__DATASET CONTENT__:
★ ★ ★ ★
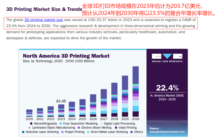 根据Grand View Research数据,2023年全球3D打印市场规模冲到203.7亿美元,未来六年还要以23.5%的速度狂飙。
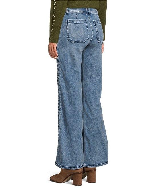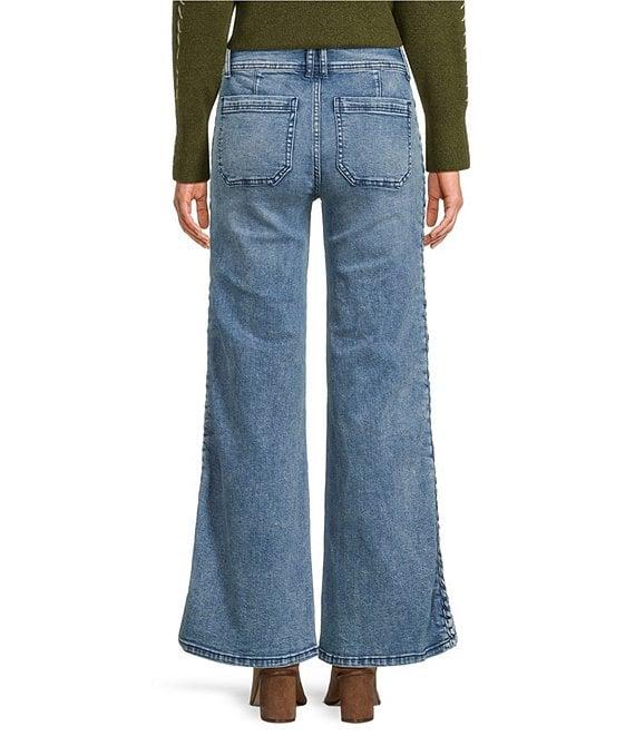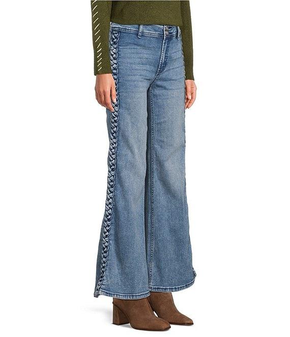 From City Blues these jeans feature: Denim fabrication Wide leg 5-pocket styling Braid seam on leg Clean hem Button front/zip fly closure Approx. 31" inseam, 16" leg opening,10.625" front, back rise 15.25" Cotton/spandex Machine wash Imported.
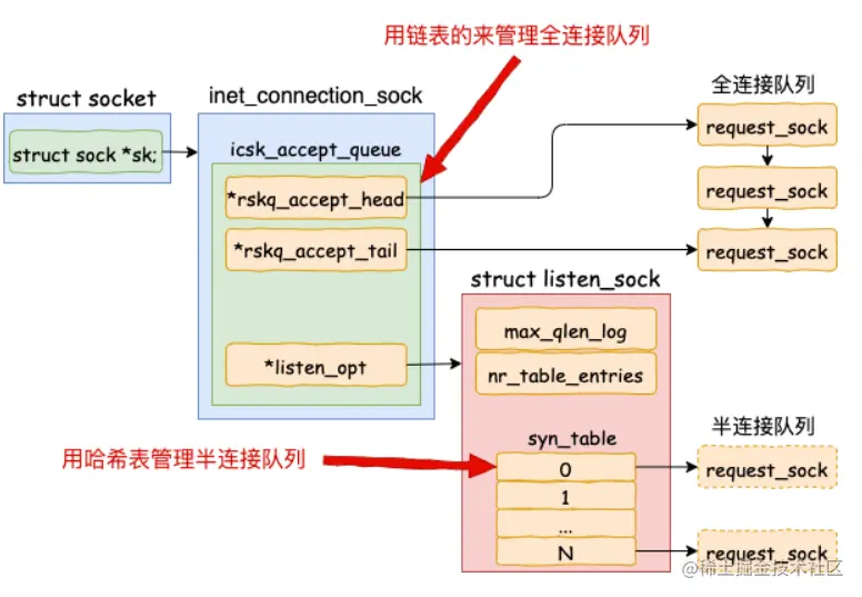 当全连接队列和半连接队列中有元素的时候,他们在内核中的结构图大致如下。
★ ★ ★ ★
__WHAT TO PRODUCE__: All lines above are to be restated word for word, with pictures excluded.

__SOLUTION BELOW__:
 根据Grand View Research数据,2023年全球3D打印市场规模冲到203.7亿美元,未来六年还要以23.5%的速度狂飙。
 From City Blues these jeans feature: Denim fabrication Wide leg 5-pocket styling Braid seam on leg Clean hem Button front/zip fly closure Approx. 31" inseam, 16" leg opening,10.625" front, back rise 15.25" Cotton/spandex Machine wash Imported.
 当全连接队列和半连接队列中有元素的时候,他们在内核中的结构图大致如下。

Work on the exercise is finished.